2. For literals I use a bit-oriented arithmetic encoder.

Literals/Match lengths as with LZH represents one alphabet:
0...255 - literals
256...511 - match lengths from 3 to 258

So, how to encode position? Note that we have (1 << 20) or 1 MB of values. With this version I use the 20-bit alphabet - i.e. each bit of match position encoded separetely (as with symbols). I think this is a bad approach, however the idea is interesting...  2. Again, I can add some tricks from RAR:
if (Distance>=0x2000)
{
Length++;
if (Distance>=0x40000L)
Length++;
}  3. if (Distance>=0x101)
{
Length++;
if (Distance>=0x2000)
{
Length++;
if (Distance>=0x40000)
Length++;
}
} 4. Originally Posted by encode
So, how to encode position? Note that we have (1 << 20) or 1 MB of values.
This is very easy. Just use some kind of bin/exp coding. Should look something like this:

void code(int c)
{
if (c<20)
put(c+20);
else
{
int b;
c-=20;
for (b=1;c>=(1<<b); )
c-=1<<b++;
put(b-1);
store_bits(c,b)
}
}

Note, that you can use different bins sizes. And you can speed the bin searching up (binary search). But as always, this only makes sense if there are enough bins. Put(..) uses a 40 symbol alphabet. 5. I know about trees, for example, deflate uses something like this. I use a binary arithmetic encoder. What do you think - is it worth to use some kind of modelling for match positions - i.e. keep counters etc. or just use binary tree?  6. encoder.Encode(1, (PSCALE / 2)); // store bit 1 7. AFAIK, original ROLZ uses a binary three for match indexes (with ROLZ2/ROLZ3 we have up to 64000 indexes).

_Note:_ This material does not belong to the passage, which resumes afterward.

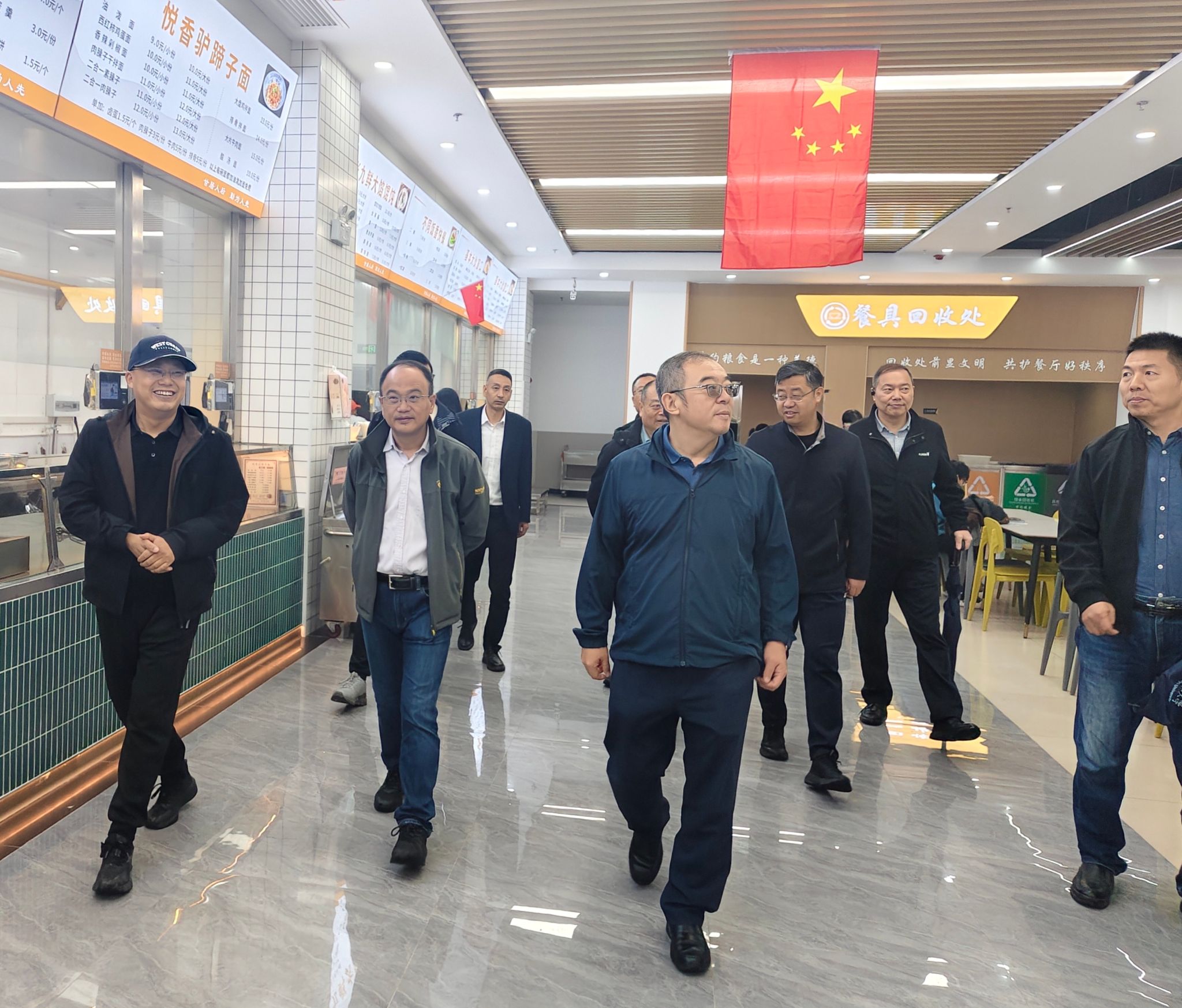 常江、王进富一行先后实地调研了初心广场建设维护及学生食堂管理相关情况,对初心广场的整体环境、设施维护、绿化养护和学生食堂的餐饮供应、菜品种类、食品卫生安全措施以及消防安全管理提出了具体要求,并强调:初心广场作为校园重要景观和标志性文化场所,其环境面貌直接反映了学校的治理水平,各相关部门务必加强日常巡查与维护,确保各类设施完好、环境整洁优美,同时要着眼长远,统筹规划,持续优化校园空间布局和功能品质;食堂工作是重要的民生工程,关系到师生的切身利益与健康安全,后勤部门进一步加强精细化管理,不断提升服务品质和保障能力,尤其是在节假日期间,必须时刻绷紧安全这根弦,严格落实各项规章制度,确保食品来源可靠、加工规范、价格合理,努力为师生营造安全、舒适、满意的就餐环境。

Okay, do you know any efficient algorithm for such binary code generation, say for 1, 2 or 4 MB positions?

encoder.Encode(1, (PSCALE / 2)); // store bit 1
encoder.Encode(0, (PSCALE / 2)); // store bit 0  8. Originally Posted by Malcolm Taylor
...
These offsets can be encoded in much the same way as with most lz77,
with an exponential type encoding - encode a bucket number, and then
encode the position in the bucket. Bucket sizes increase for each bucket
number (not necessarily linearly). Check out CAB offset encoding,
deflate and 7zip which all use variations on this. 9. What Malcom writes is about the same. The Put(..) in my example codes the bin/bucket-number. store_bits(..) codes the position in the Bucket. Just look at the example again.  Originally Posted by encode
I use a binary arithmetic encoder. What do you think
Just make the number of bins (40 in the example) a power of two and use the binary arithmetic coder on the bin-number alphabet. 10. Thank you! Just tested!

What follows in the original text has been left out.